Published online by Cambridge University Press: 05 September 2012
The previous chapter presented, with moderately broad brush strokes, the decision processes people used in trying to make their vote choices in our mock presidential election. In that initial presentation of our data, we ignored, for the most part, differences between voters, differences among candidates, and (with the major exception of presenting information from the primary and general election campaigns separately) differences across campaigns. But all voters are not the same, candidates oftentimes do have very significant differences, and campaigns – even limiting consideration to presidential campaigns – come in many different flavors. More importantly, theory tells us that certain variations among decision makers (i.e., voters), alternatives (candidates), and decision contexts (campaigns) are particularly interesting to examine. Of course, that same theory guided the design of our research in the first place in that it suggested interesting experimental factors to manipulate and important individual difference variables to measure.
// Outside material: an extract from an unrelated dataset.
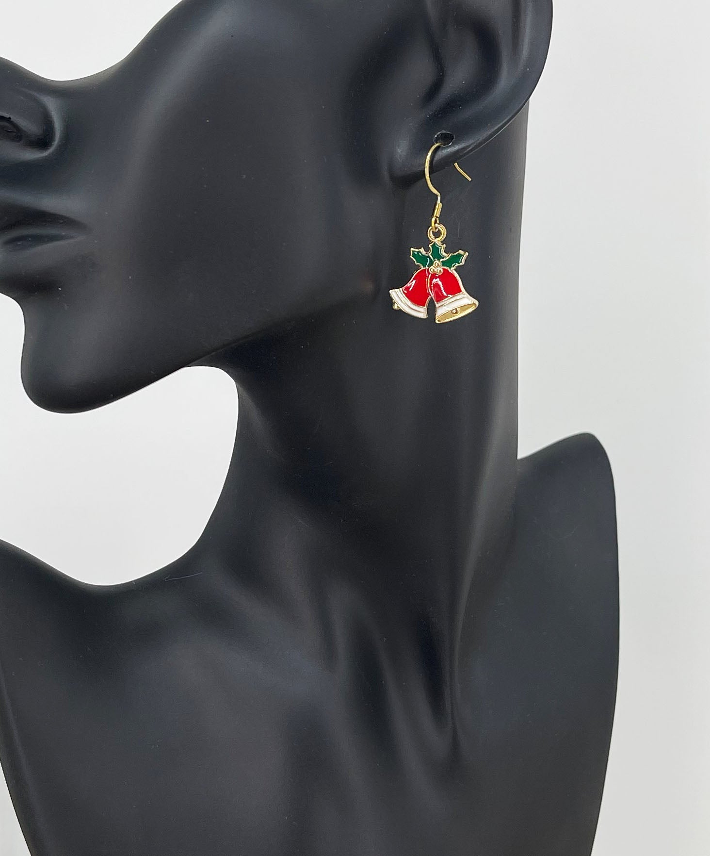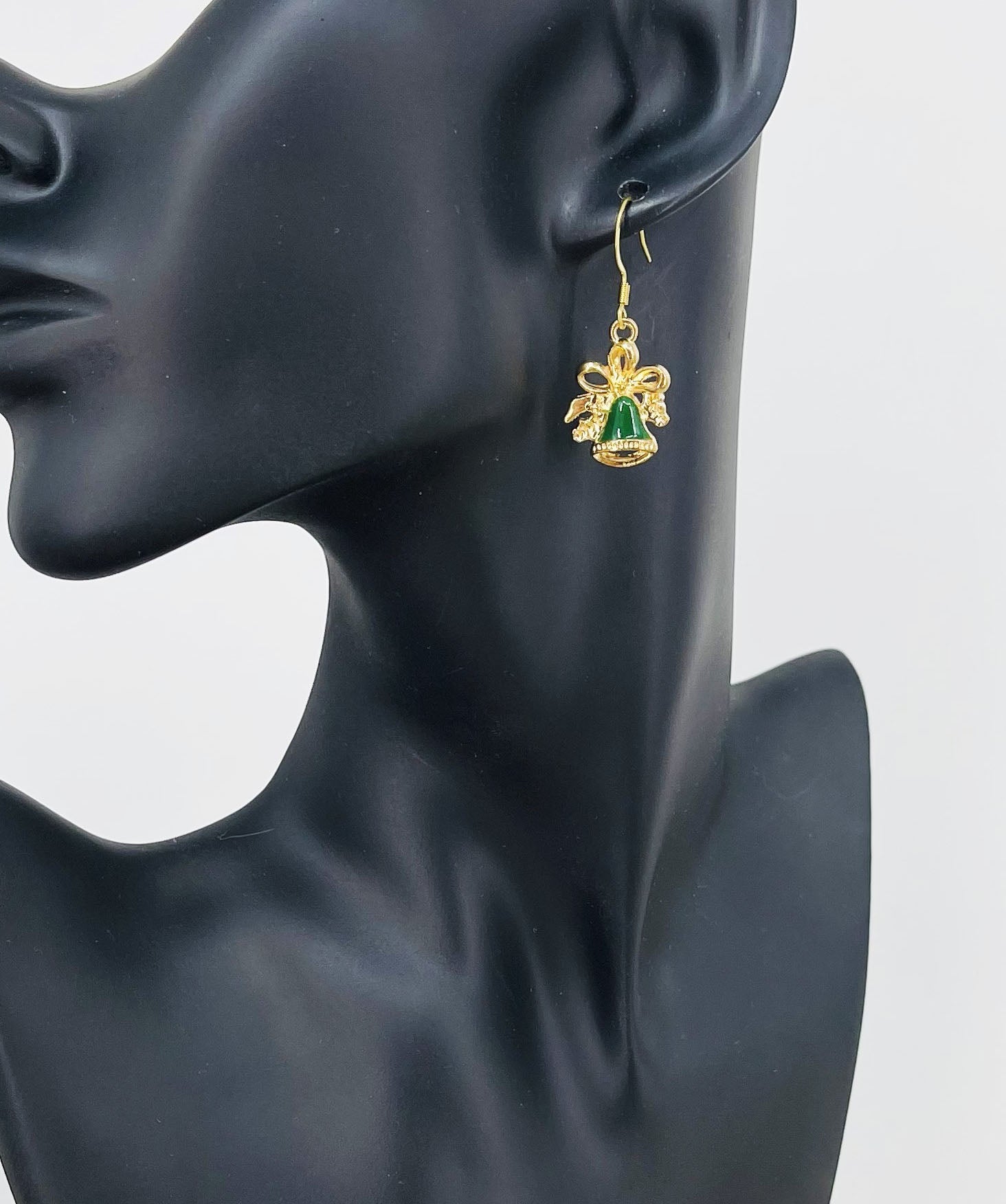 Ring in the season with our Christmas Bell Earrings. Featuring festive bell designs in red, green, and gold with delicate bow and holly details, each pair is finished with gold-tone stainless steel fish hook ear wires. Elegant and cheerful, they add the perfect holiday sparkle to any look.

In this chapter and the next, we will provide much more focused explorations of our data. First we consider individual differences among decision makers. We will look in particular at three categories of individual differences: basic background demographic characteristics (including age, education, and gender), political sophistication or expertise, and two presumably long-standing political preferences – partisanship and ideology. The goal in these two chapters is still to understand information processing, decision strategies, and memory – the crucial intervening variables in our model.